ModelEthicalConsiderations¶

@dataclass(frozen=True)
class ModelEthicalConsiderations(ModelCardInfo)

This highlights any ethical considerations to keep in mind when using the model. Eg. Is the model intended to be used for informing decisions on human life? Does it use sensitive data? What kind of risks are possible, and what mitigation strategies were used to address them? Eg. The model does not take into account user history when making judgments about toxicity, due to privacy concerns.

ethical_considerations¶

class ModelEthicalConsiderations(ModelCardInfo):
 | ...
 | ethical_considerations: Optional[str] = None

ModelCaveatsAndRecommendations¶

@dataclass(frozen=True)
class ModelCaveatsAndRecommendations(ModelCardInfo)

This lists any additional concerns.

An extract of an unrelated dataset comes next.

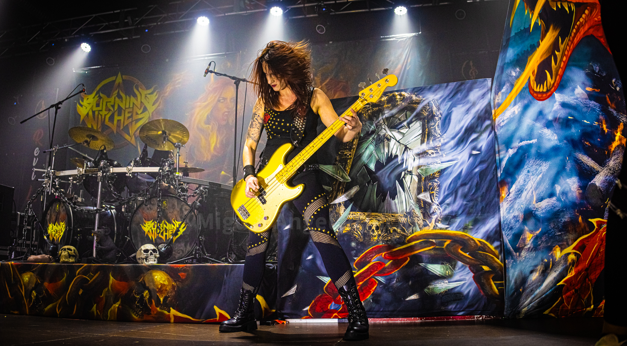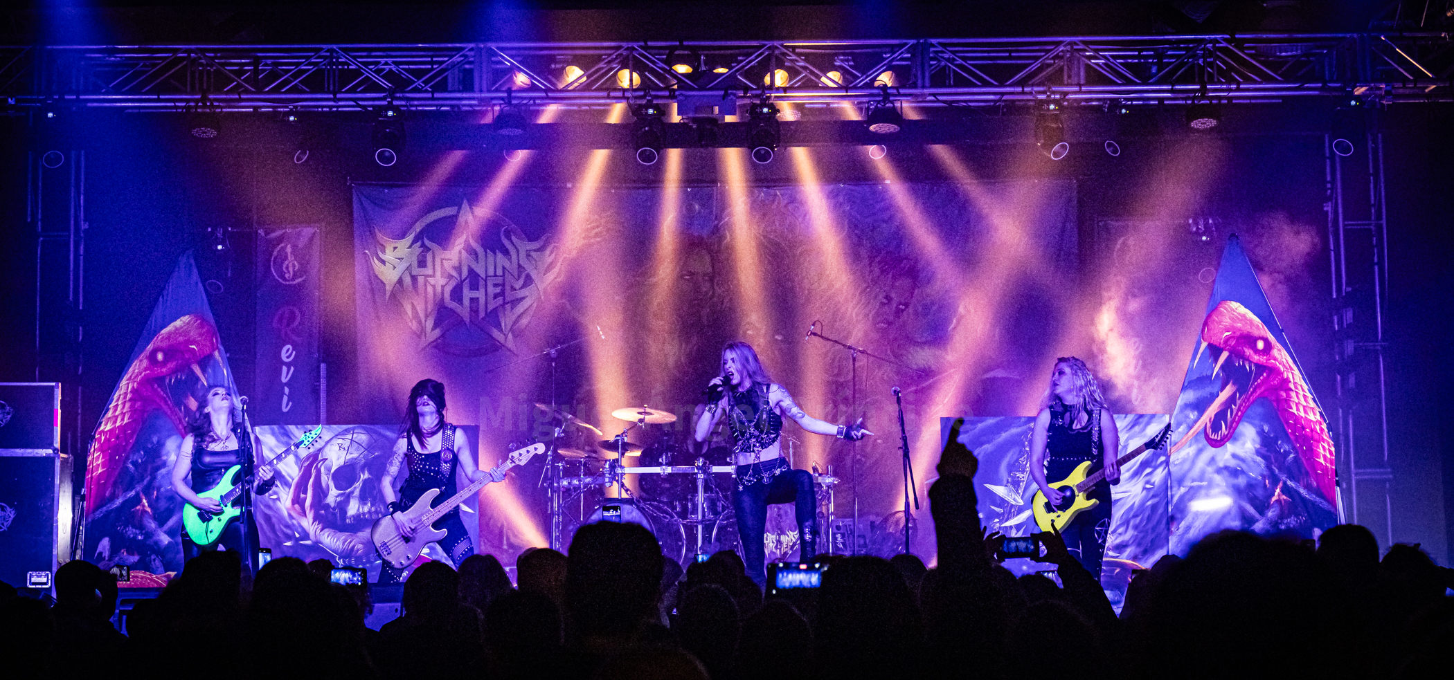 Un cambio de backline de unos veinticinco minutos nos hizo pasar rápidamente del mundo del martillo al de la oscuridad de la brujería gracias a la propuesta de las suizas BURNING WITCHES que viven un momento dulce y lo han estado demostrando a lo largo de toda la gira, un tour donde además el quinteto actualmente compuesto por una de las fundadoras de la banda Romana Kalkuhl a las seis cuerdas acompañada ésta por la estadounidense también guitarrista Courtney Cox, Lala Frischknecht a la batería, Jeanine Grob al bajo y Laura Guldemond a la voz está presentando su último disco de nombre Inquisition dejando claro en su directo desde el principio y sin tregua ganas de triunfo sobre las tablas que sin duda se logró con una actuación sobresaliente.

For instance, were any relevant groups not present in the evaluation data? Eg. The evaluation data is synthetically designed to be representative of common use cases and concerns, but may not be comprehensive.

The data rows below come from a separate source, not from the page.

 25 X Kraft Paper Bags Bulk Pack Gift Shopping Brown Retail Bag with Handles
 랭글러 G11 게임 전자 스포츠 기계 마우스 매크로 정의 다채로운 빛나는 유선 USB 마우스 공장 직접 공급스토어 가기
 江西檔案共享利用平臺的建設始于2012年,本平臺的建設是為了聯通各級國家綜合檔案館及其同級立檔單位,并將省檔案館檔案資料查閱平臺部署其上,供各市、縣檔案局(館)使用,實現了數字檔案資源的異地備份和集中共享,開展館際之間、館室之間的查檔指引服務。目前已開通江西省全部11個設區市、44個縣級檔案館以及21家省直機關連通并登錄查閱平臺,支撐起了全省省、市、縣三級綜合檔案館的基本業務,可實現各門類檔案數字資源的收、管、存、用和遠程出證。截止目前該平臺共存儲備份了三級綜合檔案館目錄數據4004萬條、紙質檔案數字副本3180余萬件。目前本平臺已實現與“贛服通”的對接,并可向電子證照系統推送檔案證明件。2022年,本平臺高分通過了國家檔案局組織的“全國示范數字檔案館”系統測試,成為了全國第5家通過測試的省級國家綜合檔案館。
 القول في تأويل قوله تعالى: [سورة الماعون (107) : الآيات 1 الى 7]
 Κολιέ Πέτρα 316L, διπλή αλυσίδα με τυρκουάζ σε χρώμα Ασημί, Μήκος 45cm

caveats_and_recommendations¶

class ModelCaveatsAndRecommendations(ModelCardInfo):
 | ...
 | caveats_and_recommendations: Optional[str] = None

ModelUsage¶

class ModelUsage(ModelCardInfo):
 | def __init__(
 |     self,
 |     archive_file: Optional[str] = None,
 |     training_config: Optional[str] = None,
 |     install_instructions: Optional[str] = None,
 |     overrides: Optional[Dict] = None
 | )

archive_file : str, optional The location of model's pretrained weights. training_config : str, optional A url to the training config. install_instructions : str, optional Any additional instructions for installations. overrides : Dict, optional Optional overrides for the model's architecture.

ModelCard¶

class ModelCard(ModelCardInfo):
 | def __init__(
 |     self,
 |     id: str,
 |     registered_model_name: Optional[str] = None,
 |     model_class: Optional[Callable[..., Model]] = None,
 |     registered_predictor_name: Optional[str] = None,
 |     display_name: Optional[str] = None,
 |     task_id: Optional[str] = None,
 |     model_usage: Optional[Union[str, ModelUsage]] = None,
 |     model_details: Optional[Union[str, ModelDetails]] = None,
 |     intended_use: Optional[Union[str, IntendedUse]] = None,
 |     factors: Optional[Union[str, Factors]] = None,
 |     metrics: Optional[Union[str, Metrics]] = None,
 |     evaluation_data: Optional[Union[str, EvaluationData]] = None,
 |     training_data: Optional[Union[str, TrainingData]] = None,
 |     quantitative_analyses: Optional[Union[str, QuantitativeAnalyses]] = None,
 |     model_ethical_considerations: Optional[Union[str, ModelEthicalConsiderations]] = None,
 |     model_caveats_and_recommendations: Optional[
 |             Union[str, ModelCaveatsAndRecommendations]
 |         ] = None
 | )

The model card stores the recommended attributes for model reporting.

Parameters¶

id : str
Model's id, following the convention of task-model-relevant-details. Example: rc-bidaf-elmo for a reading comprehension BiDAF model using ELMo embeddings.
registered_model_name : str, optional
The model's registered name. If model_class is not given, this will be used to find any available Model registered with this name.
model_class : type, optional
If given, the ModelCard will pull some default information from the class.
registered_predictor_name : str, optional
The registered name of the corresponding predictor.
display_name : str, optional
The pretrained model's display name.
task_id : str, optional
The id of the task for which the model was built.
model_usage : Union[ModelUsage, str], optional
model_details : Union[ModelDetails, str], optional
intended_use : Union[IntendedUse, str], optional
factors : Union[Factors, str], optional
metrics : Union[Metrics, str], optional
evaluation_data : Union[EvaluationData, str], optional
quantitative_analyses : Union[QuantitativeAnalyses, str], optional
ethical_considerations : Union[ModelEthicalConsiderations, str], optional
caveats_and_recommendations : Union[ModelCaveatsAndRecommendations, str], optional

Note

For all the fields that are Union[ModelCardInfo, str], a str input will be treated as the first argument of the relevant constructor.

to_dict¶

class ModelCard(ModelCardInfo):
 | ...
 | def to_dict(self) -> Dict[str, Any]

Converts the ModelCard to a flat dictionary object. This can be converted to json and passed to any front-end.